The 'Wood Wreckers' (Part 1)

By Paul James


I guess it's because I live in the country surrounded by woodlands, hedges as well as agricultural buildings that I never fail to stumble across new evidence of decaying timber on an annual basis. At any time of the year during inclement weather, which is essentially damp and warm here in the UK, there is increased timber decaying activity, more especially now that our autumns and winters seem milder. As pond water is a rich source of countless life forms for the amateur to research, so too is decaying timber. Most of the inhabitants that frequent and destroy wood, albeit indirectly, favour damp conditions : not too wet nor dry. In such a situation wood will be the host to many varieties of bacteria, algae, fungi, lichens and many insects. In most cases all these life forms will be simultaneously present, each inadvertently aiding the others through their own biochemical processes and physical alterations of the timber, which is eventually destroyed in the process. Wood is of course one of their principle sources of food, though the rate at which timber can be consumed varies considerably between the timber species. The fastest decay usually occurs outside in shady places and at ground level where the conditions are ideal, and for eons the soil micro community has evolved into extremely efficient wood destroyers. Even in sheltered conditions of a house wood can still play host to attack when its moisture content rises.

I've therefore posted some imagery which might be of interest to readers who might like to investigate this interesting line of study for themselves. To this end I've just included simple images with very brief descriptions, hoping to whet the reader's appetite on this very broad subject. There is enough to see with the eyeglass, stereo and compound microscope to keep the amateur going for years.

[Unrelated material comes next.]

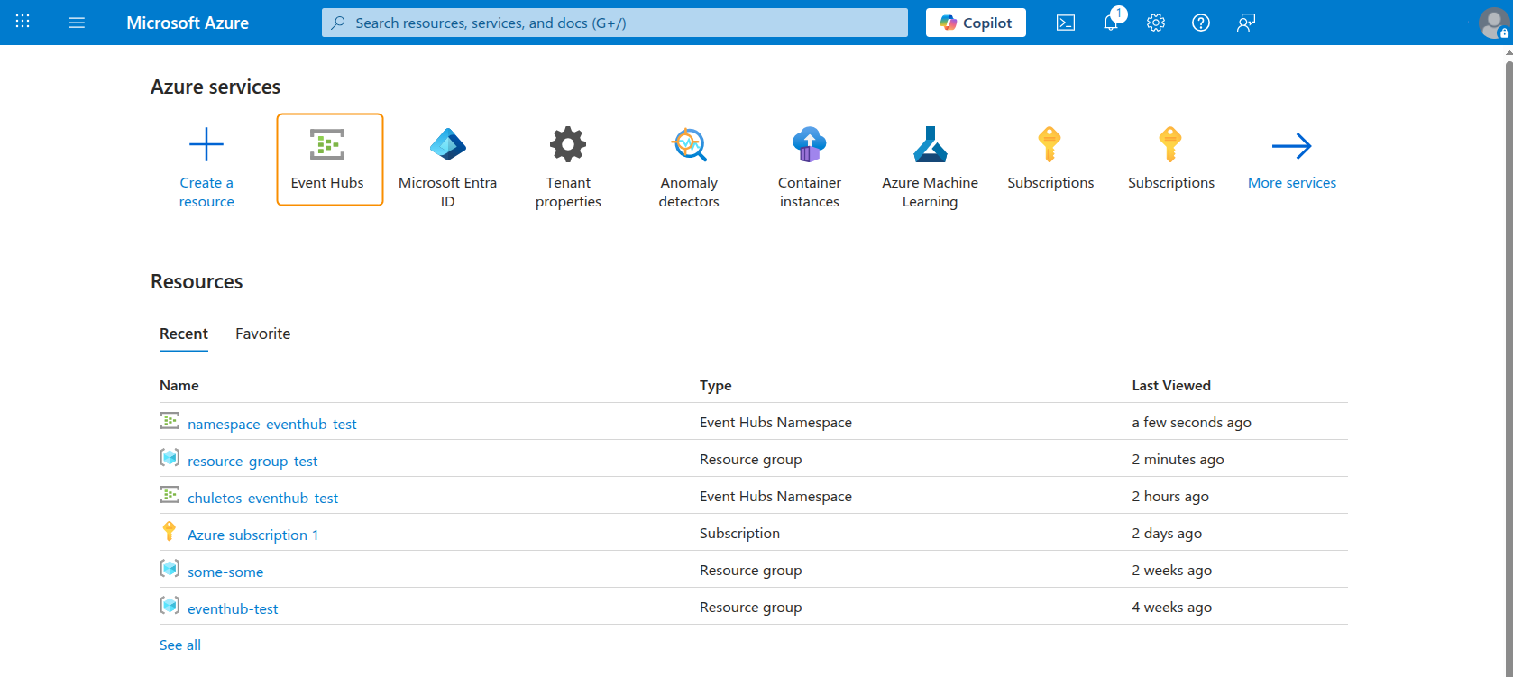 1. Log in to the Azure Portal and access Event Hubs. You can use the search box at the top of the Azure portal to find it if it is not already listed.

Halved section of Wych Elm Handrail In the open For 15 Years (x0.75)


Severe upper surface deterioration from fungus, algae, worm and lichens.

I've cut the rail down middle to show that the inner wood which is slightly stained from fungal attack

and a couple of filled worm holes. Otherwise the timber's reasonably sound inside.

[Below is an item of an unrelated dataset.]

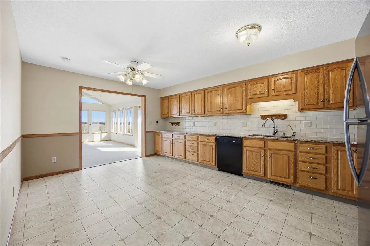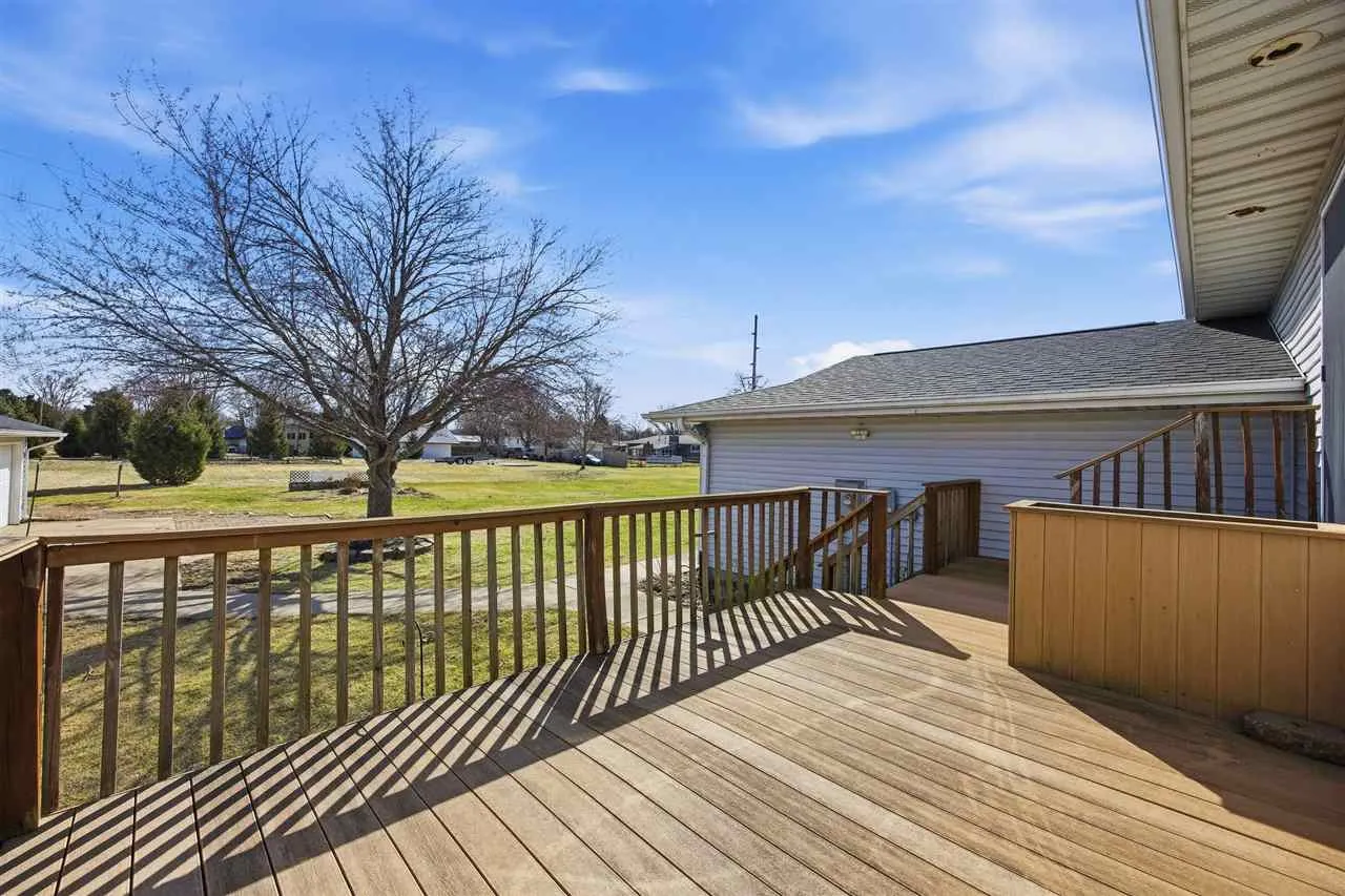 Welcome to a truly unique property offering space, comfort, and flexibility. This split entry home sits on a rare double lot, with the extra lot featuring a large outbuilding perfect for a two car garage, workshop, hobby space, or extra storage. The main level offers three bedrooms, an updated bathroom, a bright living room, and an updated kitchen with granite countertops and subway tile backsplash. A spacious bonus room steals the show with vaulted ceilings, skylights, a gas fireplace, and walls of windows overlooking a peaceful field and rolling hillside views. Step outside to a wrap around composite deck with built in seating and planters, ideal for relaxing or entertaining. The lower level includes a large rec room, an additional bedroom and bathroom, laundry area, and plenty of storage. The outbuilding is partially heated and cooled and includes a half bathroom for added convenience. Lovingly cared for and updated over the years, this property offers rare space and potential in an established and desirable part of town. Sale to include 5 Williams Circle (neighboring lot).

Close Up of Exposed Handrail (x5)
Shows fracturing of wood into cubic surface pattern from alternate wet and dry weather which

provides damp crevices attracting both fungus and algae.

Old Exit Hole (x12)
Close-up of worm/beetle exit hole showing signs of weathering indicating the hole

is a few years old. Note the early establishment of blue green lichen.

Pair Of Worm/Beetle Exit Holes (x 12)

Two exit holes chewed out several years apart. New holes are amazingly sharp edged. The

one left is probably last years'. Note the surface cracks and in particular the colonisation of

green algae communities along their edges, where moisture will tend to remain in dry spells.

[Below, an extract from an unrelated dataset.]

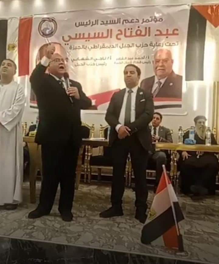 واستهل ناجي الشهابي رئيس حزب الجيل الديمقراطي كلمته المهمة بتوجيه التحية للدكتور أحمد عبد القادر ئيس قطاع حزب الجيل بشمال الجيزة ولجميع اعضاء امانة شمال الجيزة ولجميع السادة الحضور ثم قال البعض يتسائل نحن في حزب الجيل علي مدار عشرة سنوات ماضية نناقش كل الموضوعات التي تطرح علي الساحة بين مؤيد ومعارض فلماذا اليوم يجئ الحزب ليعلن انه مع الرئيس عبد الفتاح السيسي الانتخابات الرئاسية التى تشهدها البلاد وأنه يدعو الناخبيين بانتخابه ليقود بلادنا في السنوات الستة المقبلة وليس هذا فقط بل ويقيم الموتموات الحاشدة في طول البلاد وعرضها لدعم وتائيد الرئيس ومساندته في الانتخابية لفترة جديدة من عام 2024 إلى عام 2030 وأضاف انه لن يتحدث عن انجازاته الداخلية التى تحدث عنها كل من تكلم مؤكدا اننا جميعا نعلمها ونعيشها معها.
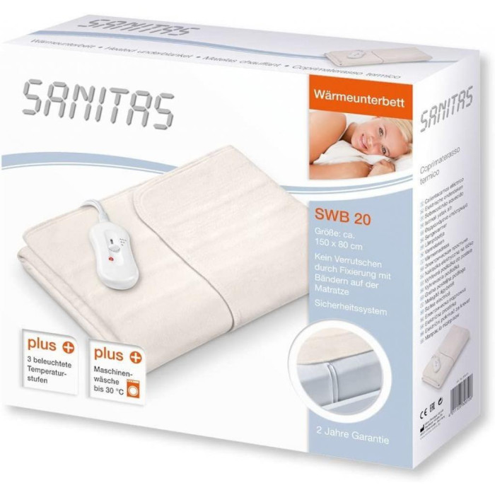 Матрац з обігрівом Sanitas SWB 20 являє собою електричну грілку, яка дозволить створити оптимальні температурні показники, коли навколо холодно, а ви застудилися або просто маєте потребу в якнайшвидшому отриманні тепла. Форм-фактор тонкого матраца дозволить підстелити виріб замість простирадла, тим самим замінивши собою перший шар, який безпосередньо стикається зі шкірою. Так ви отримаєте максимальну тепло, тим самим, не перешкоджаючи розігріву тіла.

Old Floorboard's Inner Maze of worm galleries (x2)

This is a narrow sawn section of an old 75 year old floorboard, which after

planing revealed the true extent of the wood borer's activities. Note the range of hole diameters and the longitudinal


Side view of Floorboard' edge (x3)
Note the activity of the borers is mostly confined to the starch richer layers of spring wood between the

alternating darker bands of summer wood. Transition from one layer to another accounts for the forays

through the denser summer wood. Image colour saturation was deliberately increased to show summer wood.

The heartwood which lies beneath the sapwood is rarely affected in this particular wood species.

Close-up of cross section of internal gallery (x25)
Shows the 'bite marks' from the larva's pincers or mandibles.
Wood Boring Larva (x15)

Typical 'grub' probably Anobium Punctatum

Pincer like mouth show tips apart (X35). Note the pellets which are the waste products after digestion.

Unfortunately all the images above have had to be severely compressed to enable uploading owing to my poor dial-up connection.

Their quality is unfortunately not up to the standard that I'd ideally wish them to be.